Santa has always brought only 1 gift to our house, and he leaves it unwrapped under the tree (he is too busy to wrap everything for ALL those children!). The rest of the presents are from us. We never bought everything on the list. We would buy whatever seemed like the toy s/he wanted the most, get some other things within the budget, and fill in with things like coloring books/crayons, sticker books, etc. Stockings have always been things like toothbrushes, sugarless gum, nail polish, etc.

As the kids got older, they were always are of what the Christmas budget was, and planned their gift lists accordingly. The year they got I-pods, that was really their only "gift". I filled in with magazines and personal care/clothing items that they needed and I was going to buy anyway - I just saved them and wrapped them as Christmas gifts.
post #23 of 89
Quote:
Originally Posted by GuildJenn View Post
I kind of laughed at your first sentence because growing up it would never have occurred to anyone to buy MORE decorations - the whole point was using the family set.
:
We had a huge set of ornaments and lights when I was growing up. (They weren't purchased. My dad was a furniture mover, and people would frequently give him things they didn't need in their new home - that's where most of our furniture came from - and he got a bunch of lovely Italian lights and ornaments that way. My mom also had a few from her grandmother.) When I moved out (I was the last), mom let us all go through the Christmas stuff, and take a bunch for ourselves. I still have some of them (my ex lost a lot of them, by leaving a box of ornaments outside after Christmas one year - he never told me he hadn't put them away, because he forgot the key and didn't want to walk the 50 feet back to the house to get it), and I treasure them. DH and I do buy a new ornament or two each year, but that's all.
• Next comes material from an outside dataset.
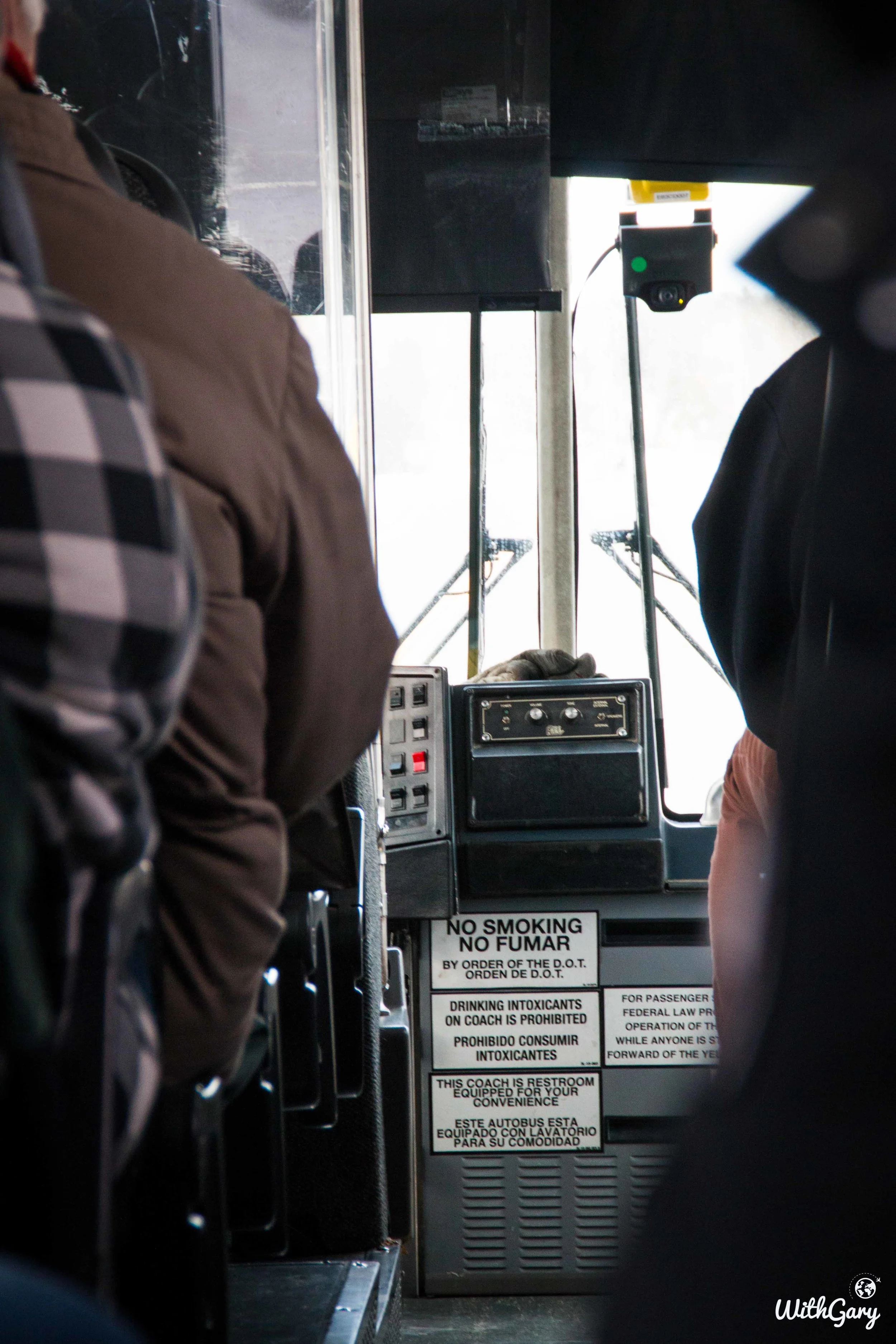 Il a commencé à neiger à Montréal la veille de mon départ et les routes du Québec et de l'Ontario sont jonchées de neige. Un régal pour admirer les forêts enneigées que l'on traverse. Les lacs peu importants sont gelés alors que les grands font de la résistance. Malheureusement la saleté des vitres rend les photos depuis l'intérieur du bus totalement impertinente. Je mémorise donc ces paysages tellement canadiens qui défilent sous mes yeux.

And, you know...ds2 talks a lot about what he wants - during the year, for his birthday, for Christmas. But, if I just ask him out of the blue what he wants for Christmas, he almost always says "a chocolate hedgehog". That's one of the candies I put in their stockings. That's what he wants and looks forward to - a single chocolate hedgehog.
post #24 of 89
I just realized that I didn't really answer part of your question! My kids are 19 and 20. My son is away at college and wants money. I will give him cash in a new wallet, and fill in with things like a new razor, an I-tunes card, probably some slippers, movie passes, etc. My daughter plans to move into her own apartment in the Spring, so she will be getting pots and pans, kitchen gadgets, things like that.
post #25 of 89
Haven't read the replies+NAK disclaimer

We're planning on a lot of homeade gift certificates this year for dd(8): trips to inexpensive places like the ice cream shop, restaurants we would usually say no to, indoor play places with a friend, get out of chores or (home)schoolwork etc. Not only is it cheap but the cost gets spread out as she rarely redeems them until Feb when she gets bored being stuck indoors.
post #26 of 89
I really like the idea of the 4 gifts, but I have a technical question. If you do the "something to play with" version, do you do one single toy, or a set, or how do you decide? DS is getting the Plan City Parking Garage this year and I also found the letters of his name in a toy train that fits the Thomas/Brio type track. I have been scouring the thrift stores for track, and was planning to set up the train and car track he already has (very small amount) with what I have found at thrift stores so far along with the garage all under the tree. Does that sound like too much "something to play with"?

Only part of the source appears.